Practice (5), recalling to mind the intentions to prevent and know unskillful states, can also be called “setting an intention,” or committing to an intention and effort. One remembers the intention, recalls one’s previous commitments to it, and commits or re-commits again. Besides this “setting your will,” you’re also setting the intention to remember the intention, or remember the commitment. Like (4), this can be done in the midst of observing, recognizing, and/or restraining a state or impulse, or it can be done in anticipation of some activity, or again simply as a reflective exercise.
Closing Remarks
Those five practices or activities are what first came to mind when thinking about what helps me to attempt the first great effort through the application and development of mindfulness. Again, I am not particularly accomplished at this, but maybe that means what helps me may help others as well.

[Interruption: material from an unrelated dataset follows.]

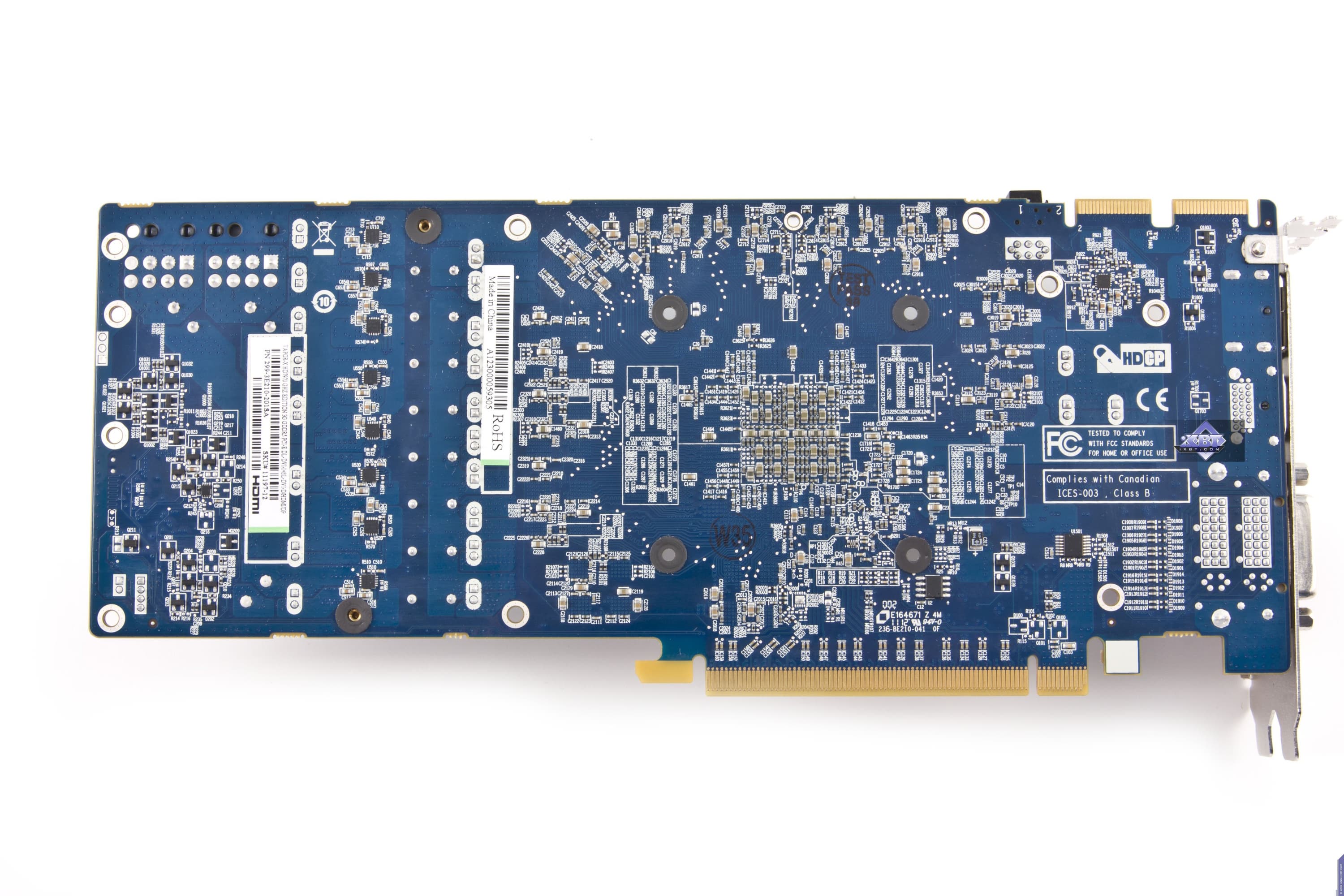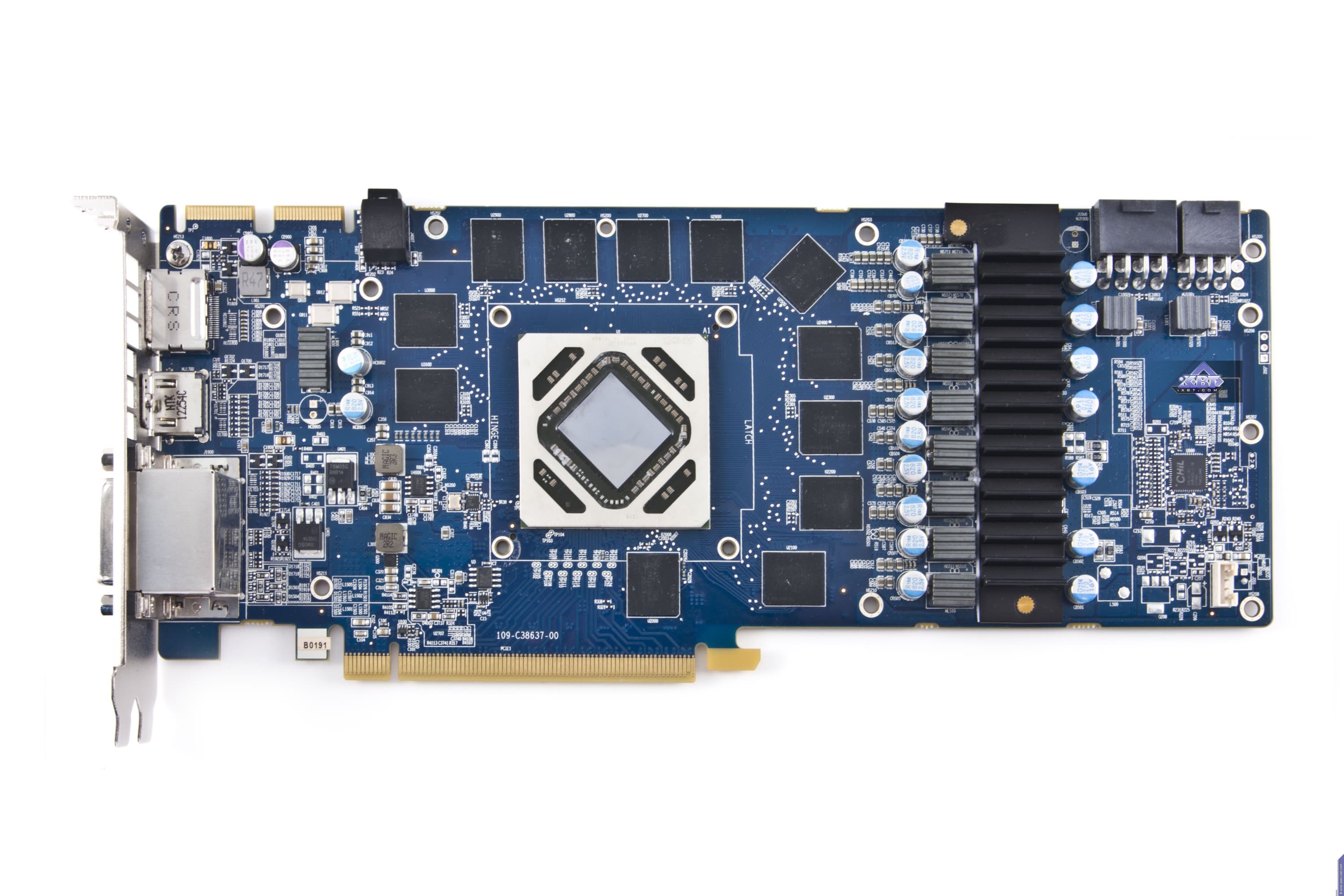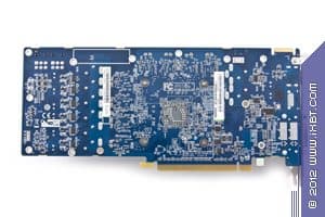 У 7870 также сильно переработана PCB, как следствие, блок питания перекочевал на хвостовую часть и стал 6-фазным вместо пятифазной схемы питания у референс-карты. Как и у предыдущего продукта, изменен набор гнезд вывода: появилось два гнезда DVI по аналогичной схеме. Точно так же вместо двух DisplayPort в мини-формате мы видим 1 гнездо DP, но в полноформатном виде. Еще имеется и HDMI. Следует заметить, что суффикс Flex-Edition у Sapphire означает то, что PCB получила дополнительный набор логики по выводу на мониторы, и потому ускоритель способен выводить картинку одновременно уже на 4 монитора. Если использовать нужные адаптеры-переходники DP-to-DVI, HDMI-to-DVI, то мы можем подключить 4 одинаковых монитора с DVI (надо лишь учитывать ограничение Single-Link у одного из гнезд DVI). Ускоритель требует дополнительного питания в виде двух 6-пиновых гнезд.

These things are in some ways simple, but they are not necessarily easy.
They also, I find, will tend to open up an ever more complex domain of experience or experiential awareness — in terms of the details and depth of which one begins to become aware. But that itself can be difficult and present challenges. It doesn’t necessarily immediately feel good, especially when you become aware of unskillful states in their unskillfulness, yet the philosophers make a strong case that the gradual training in wisdom is worth it.
I’ll attempt to pursue this practical topic further in subsequent posts, perhaps drawing more directly from Gunaratana’s discussion of the matter.